Attached photo of my cleo the white and grey cat & the dad is the darker one


----------



## Azura (Dec 18, 2014)

If she is restless and crying she sounds close to me. You can feel kittens move from 7 weeks on. You'll need to make sure she has some sort of box to have the kittens in and make sure you are there when she has them. That is very important.

You're vet was very wrong and gave very irresponsible advice. Just because a cat lives strictly indoors is no reason not to spay. Constant heat cycles are not good for the cat and pyometra is a real concern. And of course there is always the chance they will get pregnant as you found out. I would advise you to get her spayed once the kittens are weaned. She will be much happier not going through heat cycles all the time. 

Both kitties are very beautiful! You're girl is a blue colorpoint and the male a seal colorpoint. You will likely have both blue and seal points in the litter. They will be very adorable kittens!


----------



## OrientalSlave (Jan 26, 2012)

Please get both cats neutered. Your father's male cat can be neutered ASAP, your cat as soon as you vet will do it after she has kittens. Your vet seems to have given you awful advice. Every female cat not intended to be a registered pedigree queen** should be neutered, preferably at 4 months or younger. Every time she calls slightly increases her risk of breast cancer, she can get pyometra when entire, and a number of entire females start spraying which is to advertise their interesting condition. They might also become Houdinis and stories have been told here of female cats using an upstairs window barely open to escape, and as you have discovered there is such a thing as a silent call.

Personally I'd change vets.

As to the kittens and kittening, there is lots of good advice on iCatCare.

https://icatcare.org/advice/my-cat-having-kittens

I imagine you know what dates you were in hospital.
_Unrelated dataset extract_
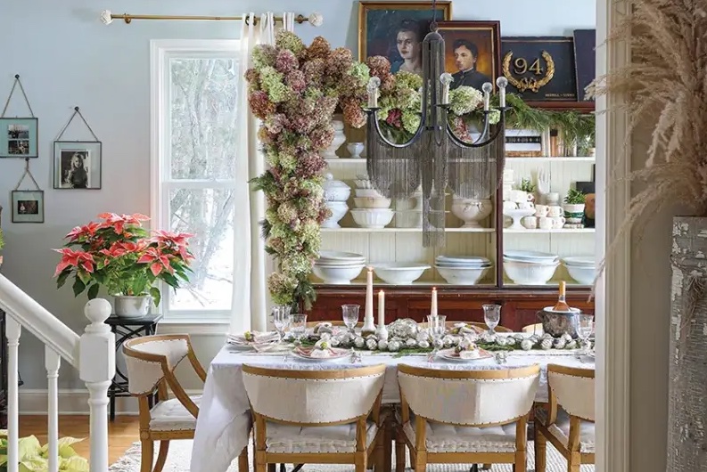 If you want to make your home special for the holidays but don’t want a cookie cutter look, find inspiration from this hydrangea installation in the lovely home of Kari Boetsch, curator, collector and creator.

A normal cat pregnancy is about 65 days from first mating, it can go up to 70 days and as few as 60-61 days so a bit of calendar arithmetic will give you the dates she is due.

** Breeding queen that is since neuters can be shown


----------



## chillminx (Nov 22, 2010)

@Jen048 - like the others I am shocked to hear your vet would give you such poor advice as not to bother getting your cat spayed because she in an indoor cat.!  As has been mentioned, Pyometra is a nasty illness, can be fatal, and is a real risk in an unspayed cat who keeps coming into call (heat) without being mated. And there is always the risk of her escaping and mating with any passing tom cat, as has also been said. If she got out you may never see her again, as she would be off looking for a mate. Is she even microchipped?

Cats do not need to have symptoms of being in call (heat) to get pregnant. Cats are not like humans, in cats oestrus is triggered by mating thus making it likely the cat would get pregnant put with an entire male as yours was.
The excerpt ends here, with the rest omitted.